Mas Karmem merecia o esforço. Em seus olhos, aliás, a expressão de fúria silenciosa era a que mais me amedrontava. A explosiva geralmente passava com um presente, mas a silenciosa levava dias e várias transações com o cartão de crédito para curar.

Voltamos mudos, passamos em frente ao ponto de partida, o escritório do meu trabalho, e seguimos para o shopping. Foi a primeira (e, aliás, a única) vez em que, no interior de um shopping, rumamos direto para uma loja específica, sem olhar para os lados. Pelo menos, teríamos nossos ingressos.

Pegamos a fila para uma simpática atendente que vendia os ingressos com uma camiseta do xou. Para mostrar que existiam pessoas que conseguiriam assisti-lo e que você poderia ser uma delas. Se... Não fôssemos comprar os ingressos de estudante.

- Desculpe, mas as meias-entradas só são vendidos nas bilheterias oficiais, não aqui no quiosque de vendas.

- Mas a bilheteria oficial está fechada por causa da reforma.

- Sim, a da Opera House of Concert está fechada, mas da The Show Must Go On, não. É do mesmo grupo e os ingressos estão sendo vendidos lá.

- Deixou Mastigou? O que é isso, um restaurante canibal?E onde raios fica isso?

- Ah, pertinho daqui. Logo ali na estrada de Itapecerica.

- Eu sei onde fica, Karmem. É a The Show Must Go On. Mas é meio perigoso para ir agora...

Em sua casa, Karmem maldizia todos os antepassados da bilheteira, do dono das casas Opera House of Concert e The Show Must Go On. Foi quando sua mãe comentou:

- Deixou Mastigou? Eu vou passar na frente amanhã.

Quarta tentativa - sexta-feira, 22 de junho.
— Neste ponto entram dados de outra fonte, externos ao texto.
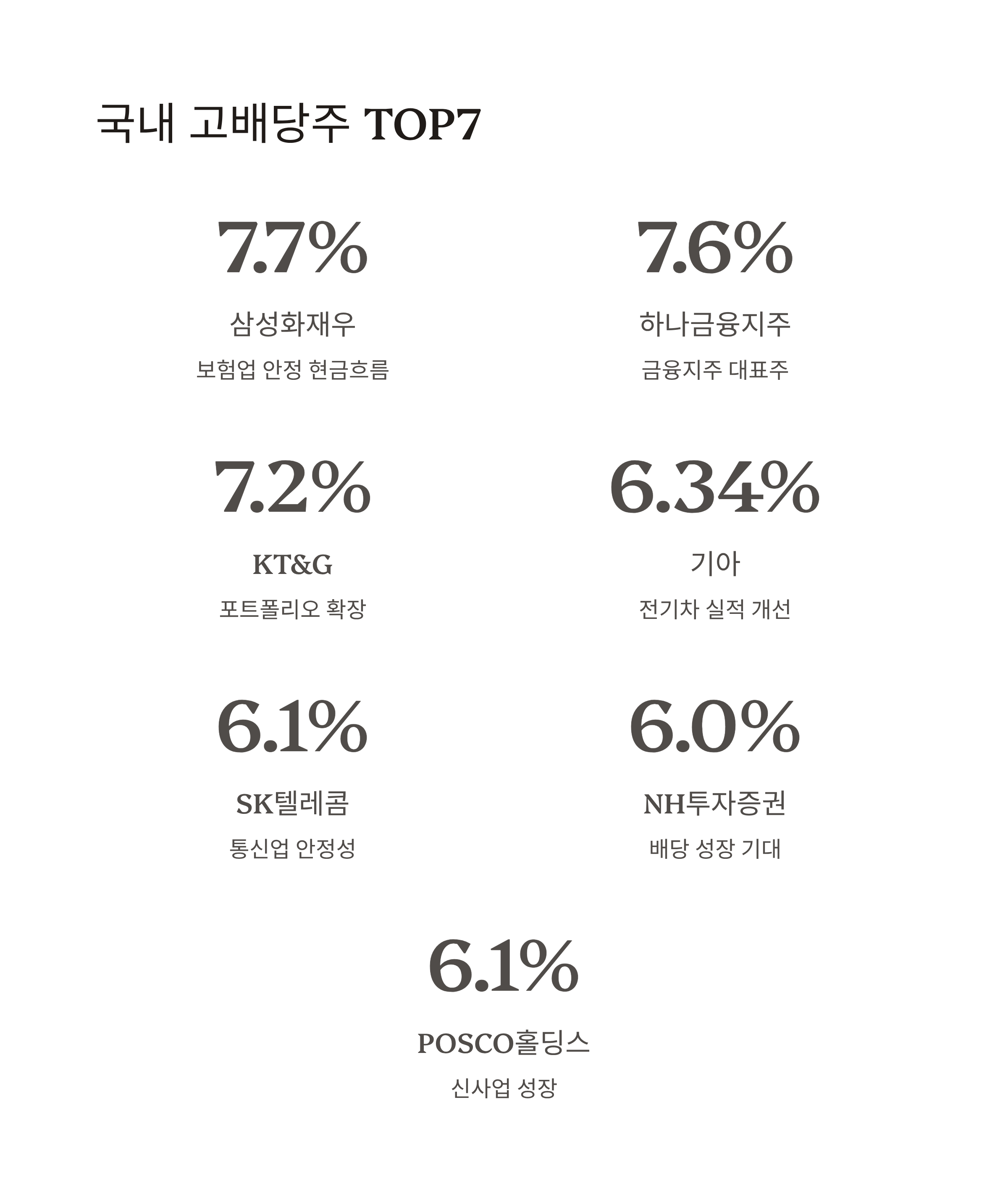 | POSCO홀딩스 | 약 6.1% | 철강·소재 전통강자, 배터리소재 등 신사업 성장 기대 | 약 4~7% |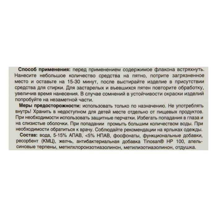 | Средство | пятновыводитель |

Ficou acertado que a mãe de Karmem compraria os ingressos, para que Karmem pudesse me dizer “se não fosse a mamãe, eu nunca veria a Marília de perto” pelo resto de minha vida.
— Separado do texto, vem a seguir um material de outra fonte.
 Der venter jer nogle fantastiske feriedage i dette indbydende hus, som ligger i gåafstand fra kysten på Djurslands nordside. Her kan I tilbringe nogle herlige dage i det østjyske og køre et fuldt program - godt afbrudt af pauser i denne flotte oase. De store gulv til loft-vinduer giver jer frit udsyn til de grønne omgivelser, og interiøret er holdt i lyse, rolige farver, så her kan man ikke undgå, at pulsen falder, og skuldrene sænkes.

À noite, Karmem me recebeu com o olhar de triunfo. Sua mãe já ligara da rua e havia comprado os ingressos.

- Aqui estão. Nem tinha fila nem nada.

E jogou os ingressos em cima da mesa.

- Podem ir se arrumando, que eu levo vocês lá.
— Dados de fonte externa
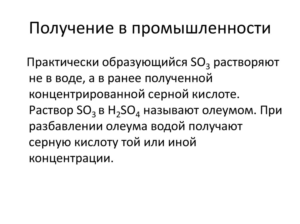 Получение в промышленностиПрактически образующийся SO3 растворяют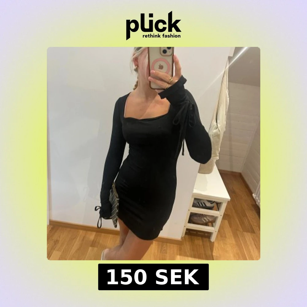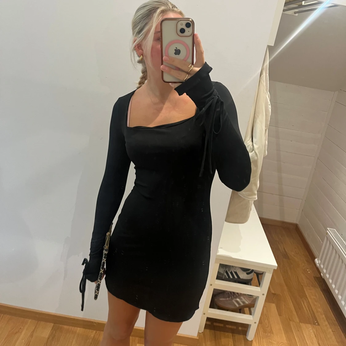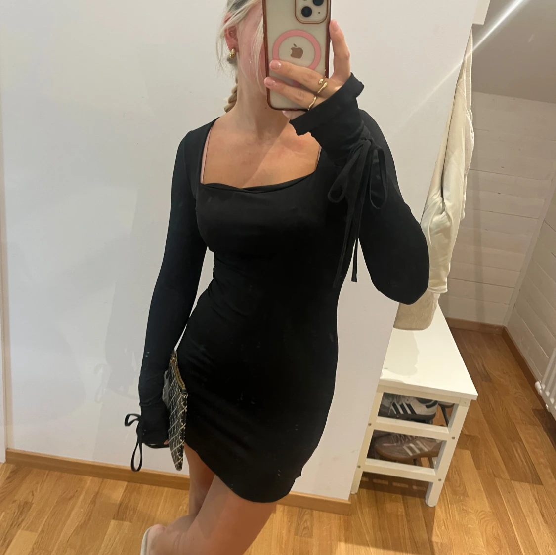 Snygg svart kortklänning med lång ärm och fyrkantig ringning. Klänningen har tight passform och cool snörningsdetalj vid ärmsluten. Perfekt för dig som gillar stilrena och trendiga plagg.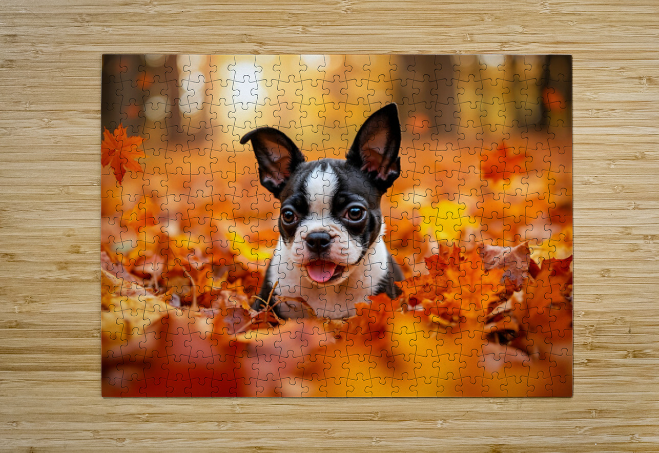 Boston Terrier Puppy Discovers Autumn Leaf Pile Puppy Prints Impression de puzzle

- Como, mamãe? Mas o xou é só em agosto...

- Agosto? Está louca, menina? Vai botando uma roupinha mais arrumada logo, senão vocês vão perder. Os seus amigos vão se encontrar lá com vocês?

- Mãe, deixe-me ver esses ingressos.

E lá estavam os tão cobiçados ingressos. Para o xou do Zuzu Souza.

- Zuzu Souza, mãe? Zuzu Souza?

- Não precisa agradecer. É mínimo o sacrifício que faço por qualquer das minhas filhas.

Se havia um cantor que Karmem odiava, era o Zuzu Souza. Antes, sem motivo. Agora, com motivo.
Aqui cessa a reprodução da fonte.